= AIM OF THE TASK =
Go through the lines below and copy any that hold the string "heroin".

= DATA SECTION =
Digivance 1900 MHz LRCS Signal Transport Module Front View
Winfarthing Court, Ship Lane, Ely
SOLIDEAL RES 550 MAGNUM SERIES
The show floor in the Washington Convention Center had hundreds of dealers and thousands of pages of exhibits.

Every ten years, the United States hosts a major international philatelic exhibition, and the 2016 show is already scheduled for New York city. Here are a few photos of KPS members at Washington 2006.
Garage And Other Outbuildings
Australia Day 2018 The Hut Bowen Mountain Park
--
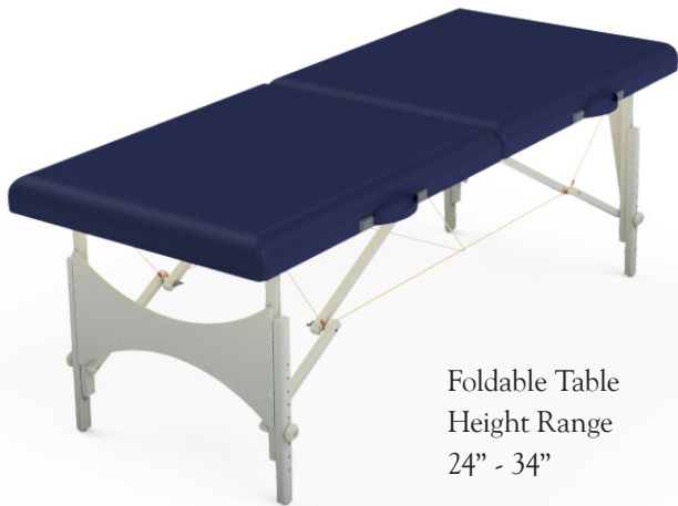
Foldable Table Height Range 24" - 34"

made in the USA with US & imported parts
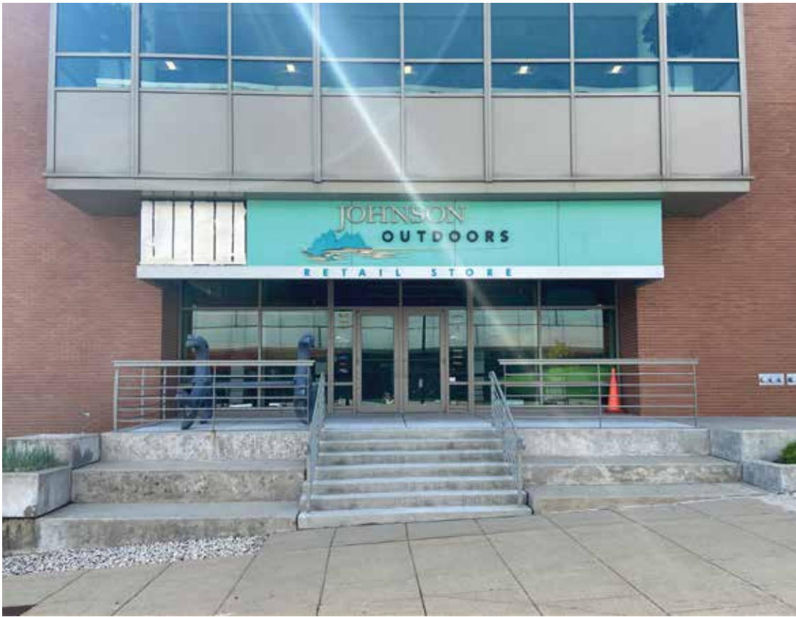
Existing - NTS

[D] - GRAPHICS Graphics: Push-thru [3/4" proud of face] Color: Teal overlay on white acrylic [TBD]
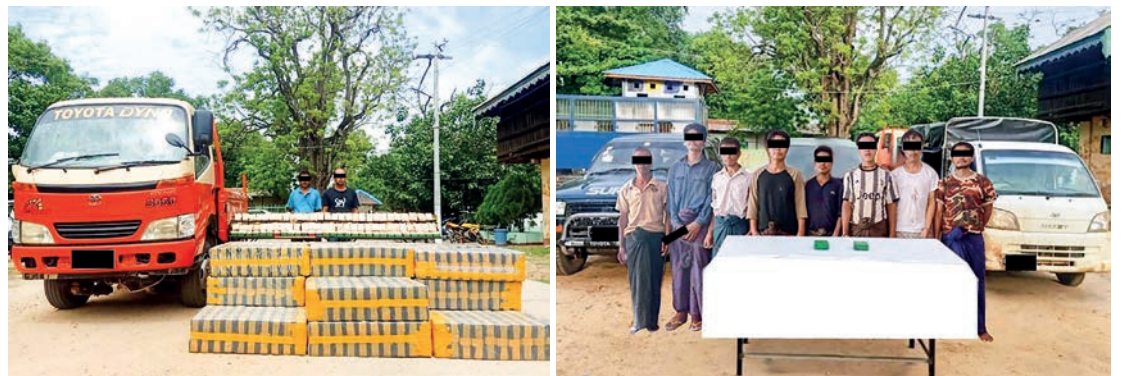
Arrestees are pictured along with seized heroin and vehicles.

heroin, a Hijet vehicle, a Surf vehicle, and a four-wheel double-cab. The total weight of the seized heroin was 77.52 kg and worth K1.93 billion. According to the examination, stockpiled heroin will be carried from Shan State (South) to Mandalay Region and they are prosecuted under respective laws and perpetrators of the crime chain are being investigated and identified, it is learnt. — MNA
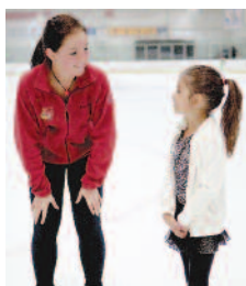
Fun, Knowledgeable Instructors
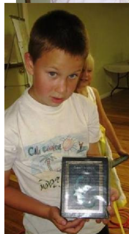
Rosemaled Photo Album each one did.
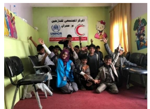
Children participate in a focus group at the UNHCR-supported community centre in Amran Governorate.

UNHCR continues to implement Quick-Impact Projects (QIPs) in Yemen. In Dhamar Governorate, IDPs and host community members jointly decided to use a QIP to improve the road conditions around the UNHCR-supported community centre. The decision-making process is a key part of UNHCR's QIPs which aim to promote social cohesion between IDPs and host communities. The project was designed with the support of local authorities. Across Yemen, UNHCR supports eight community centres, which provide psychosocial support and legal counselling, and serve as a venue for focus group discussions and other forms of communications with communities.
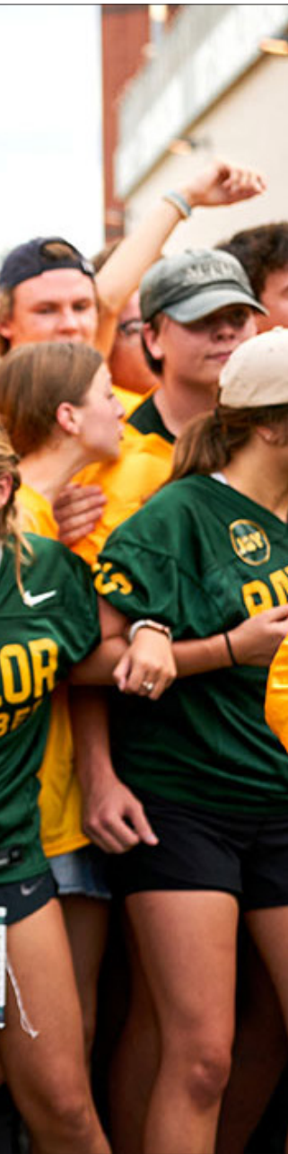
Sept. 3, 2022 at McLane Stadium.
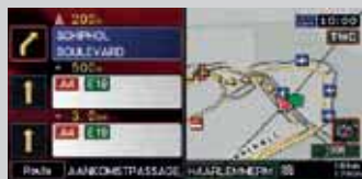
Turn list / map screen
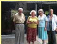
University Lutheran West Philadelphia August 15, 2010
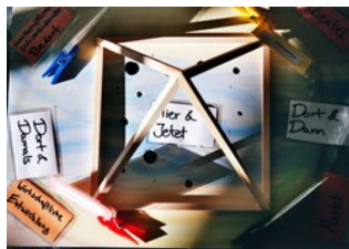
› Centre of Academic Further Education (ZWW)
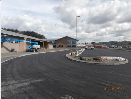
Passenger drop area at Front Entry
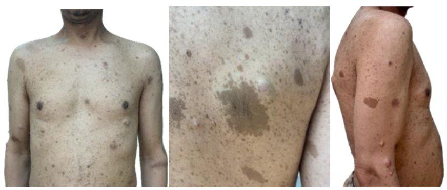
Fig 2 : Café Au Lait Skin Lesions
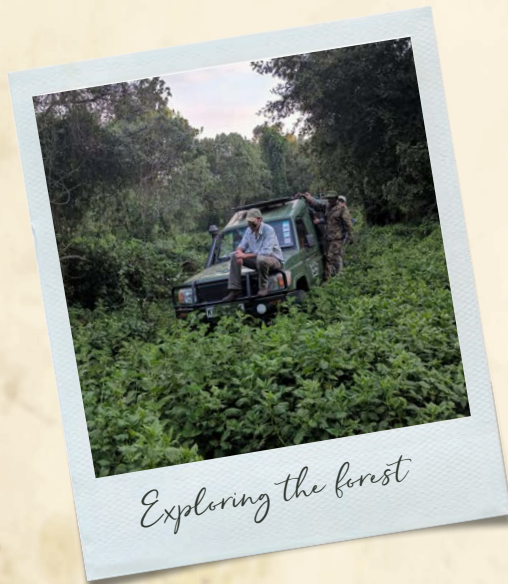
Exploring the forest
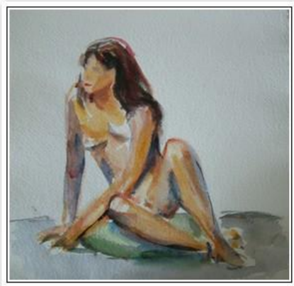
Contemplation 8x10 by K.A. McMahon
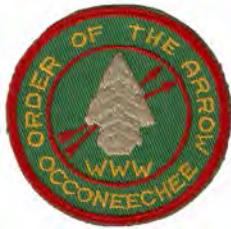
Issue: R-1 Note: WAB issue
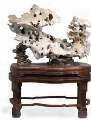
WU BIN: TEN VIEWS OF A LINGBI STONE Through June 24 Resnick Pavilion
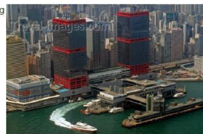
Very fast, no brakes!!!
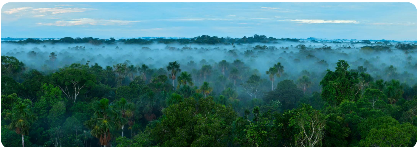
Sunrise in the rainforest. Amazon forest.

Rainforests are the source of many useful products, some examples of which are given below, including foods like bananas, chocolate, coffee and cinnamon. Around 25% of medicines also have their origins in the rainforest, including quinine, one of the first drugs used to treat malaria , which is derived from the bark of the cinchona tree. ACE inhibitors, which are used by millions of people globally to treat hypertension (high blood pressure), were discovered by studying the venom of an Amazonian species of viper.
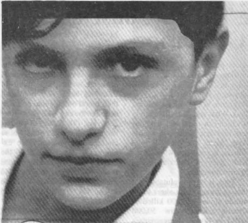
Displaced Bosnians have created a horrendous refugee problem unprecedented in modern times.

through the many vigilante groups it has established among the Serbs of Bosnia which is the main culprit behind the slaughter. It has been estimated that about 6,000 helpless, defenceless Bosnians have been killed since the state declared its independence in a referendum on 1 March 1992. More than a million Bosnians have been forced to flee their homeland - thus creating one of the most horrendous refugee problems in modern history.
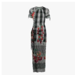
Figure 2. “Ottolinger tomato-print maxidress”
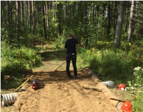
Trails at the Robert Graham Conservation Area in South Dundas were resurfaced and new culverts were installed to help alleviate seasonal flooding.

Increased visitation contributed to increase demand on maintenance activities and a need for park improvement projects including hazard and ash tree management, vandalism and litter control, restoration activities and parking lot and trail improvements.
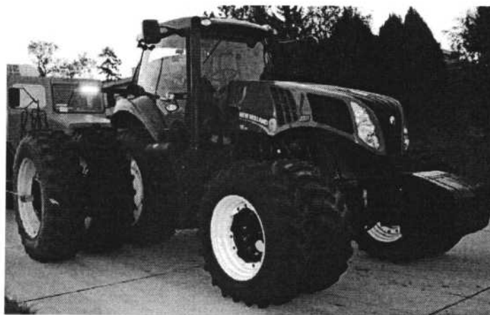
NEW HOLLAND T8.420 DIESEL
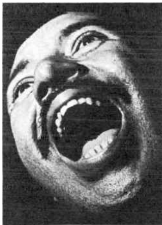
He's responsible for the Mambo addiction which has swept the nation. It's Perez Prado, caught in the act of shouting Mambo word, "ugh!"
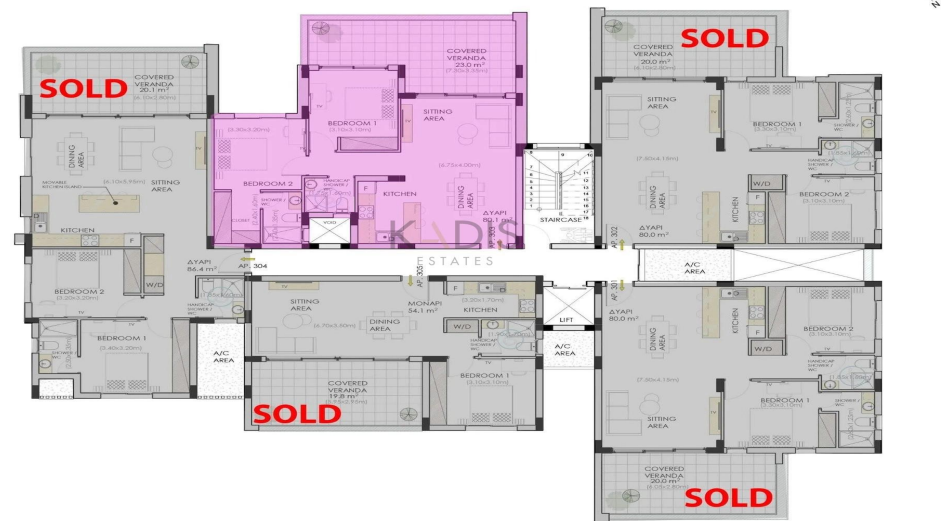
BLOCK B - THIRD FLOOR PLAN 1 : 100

= ANSWER FOR THIS EXERCISE =
Arrestees are pictured along with seized heroin and vehicles.
heroin, a Hijet vehicle, a Surf vehicle, and a four-wheel double-cab. The total weight of the seized heroin was 77.52 kg and worth K1.93 billion. According to the examination, stockpiled heroin will be carried from Shan State (South) to Mandalay Region and they are prosecuted under respective laws and perpetrators of the crime chain are being investigated and identified, it is learnt. — MNA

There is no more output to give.